• _Supplied material_:

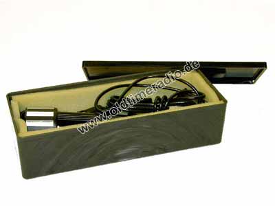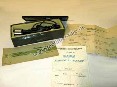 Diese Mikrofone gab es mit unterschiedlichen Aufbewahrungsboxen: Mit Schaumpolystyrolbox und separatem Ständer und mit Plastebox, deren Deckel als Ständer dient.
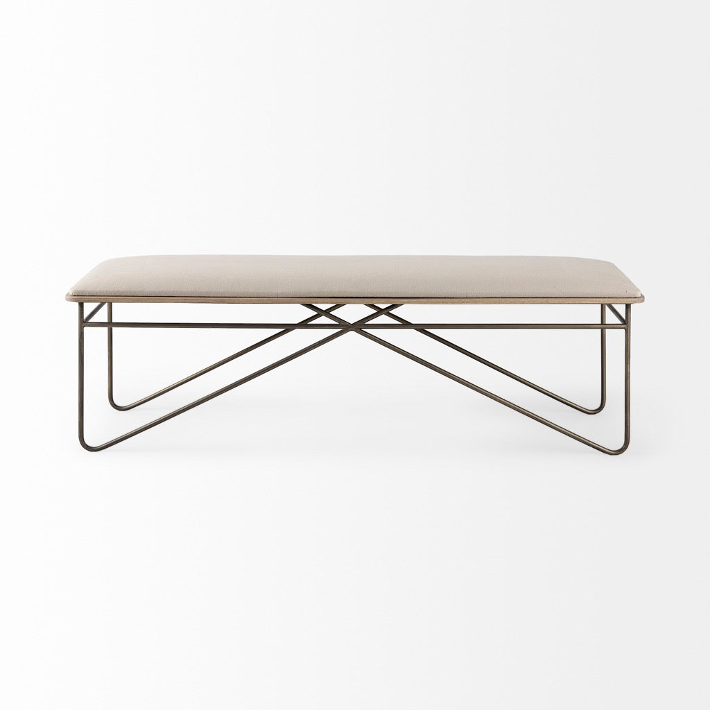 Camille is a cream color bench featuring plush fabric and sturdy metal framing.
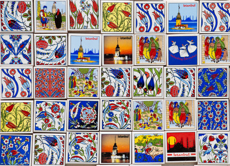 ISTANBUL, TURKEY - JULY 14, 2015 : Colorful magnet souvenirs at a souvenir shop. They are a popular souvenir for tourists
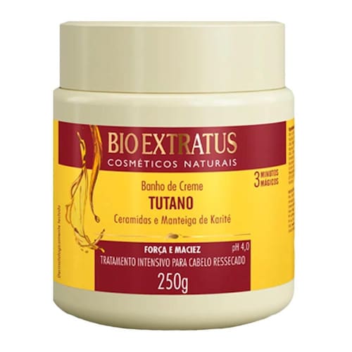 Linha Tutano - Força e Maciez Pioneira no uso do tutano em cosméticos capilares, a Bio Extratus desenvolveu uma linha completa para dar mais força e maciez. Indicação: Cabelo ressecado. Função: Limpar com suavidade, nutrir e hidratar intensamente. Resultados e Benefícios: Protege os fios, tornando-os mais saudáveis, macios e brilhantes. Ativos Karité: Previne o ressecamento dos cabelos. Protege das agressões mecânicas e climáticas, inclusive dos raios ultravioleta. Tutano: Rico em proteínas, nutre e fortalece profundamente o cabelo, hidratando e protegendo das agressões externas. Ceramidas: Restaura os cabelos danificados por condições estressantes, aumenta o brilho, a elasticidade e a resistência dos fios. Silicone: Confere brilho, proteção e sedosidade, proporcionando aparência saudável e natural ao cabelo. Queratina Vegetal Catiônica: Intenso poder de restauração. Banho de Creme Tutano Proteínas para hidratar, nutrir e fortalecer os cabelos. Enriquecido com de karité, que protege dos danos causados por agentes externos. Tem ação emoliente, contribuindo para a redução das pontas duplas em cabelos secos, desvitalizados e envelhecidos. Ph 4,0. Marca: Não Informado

--

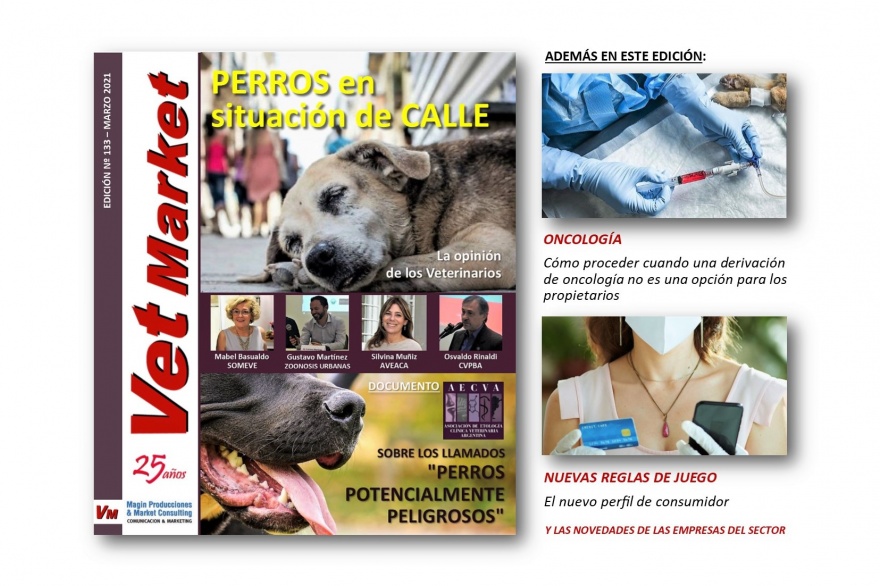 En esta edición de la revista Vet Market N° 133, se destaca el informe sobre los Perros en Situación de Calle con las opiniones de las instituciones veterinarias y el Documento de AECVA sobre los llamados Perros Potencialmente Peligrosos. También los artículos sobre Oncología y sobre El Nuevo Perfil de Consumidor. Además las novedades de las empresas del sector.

---

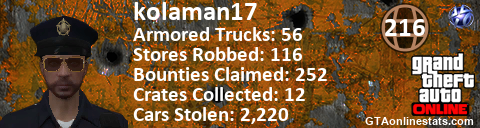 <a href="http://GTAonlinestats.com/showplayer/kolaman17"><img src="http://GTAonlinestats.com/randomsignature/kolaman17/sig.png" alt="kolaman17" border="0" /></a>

• _Exercise brief_:
Your answer should be the lines above, word for word, from the line with "Camille is a" through the line with "Linha Tutano - Força", minus the pictures.

• _Response below_:
 Camille is a cream color bench featuring plush fabric and sturdy metal framing.
 ISTANBUL, TURKEY - JULY 14, 2015 : Colorful magnet souvenirs at a souvenir shop. They are a popular souvenir for tourists
 Linha Tutano - Força e Maciez Pioneira no uso do tutano em cosméticos capilares, a Bio Extratus desenvolveu uma linha completa para dar mais força e maciez. Indicação: Cabelo ressecado. Função: Limpar com suavidade, nutrir e hidratar intensamente. Resultados e Benefícios: Protege os fios, tornando-os mais saudáveis, macios e brilhantes. Ativos Karité: Previne o ressecamento dos cabelos. Protege das agressões mecânicas e climáticas, inclusive dos raios ultravioleta. Tutano: Rico em proteínas, nutre e fortalece profundamente o cabelo, hidratando e protegendo das agressões externas. Ceramidas: Restaura os cabelos danificados por condições estressantes, aumenta o brilho, a elasticidade e a resistência dos fios. Silicone: Confere brilho, proteção e sedosidade, proporcionando aparência saudável e natural ao cabelo. Queratina Vegetal Catiônica: Intenso poder de restauração. Banho de Creme Tutano Proteínas para hidratar, nutrir e fortalecer os cabelos. Enriquecido com de karité, que protege dos danos causados por agentes externos. Tem ação emoliente, contribuindo para a redução das pontas duplas em cabelos secos, desvitalizados e envelhecidos. Ph 4,0. Marca: Não Informado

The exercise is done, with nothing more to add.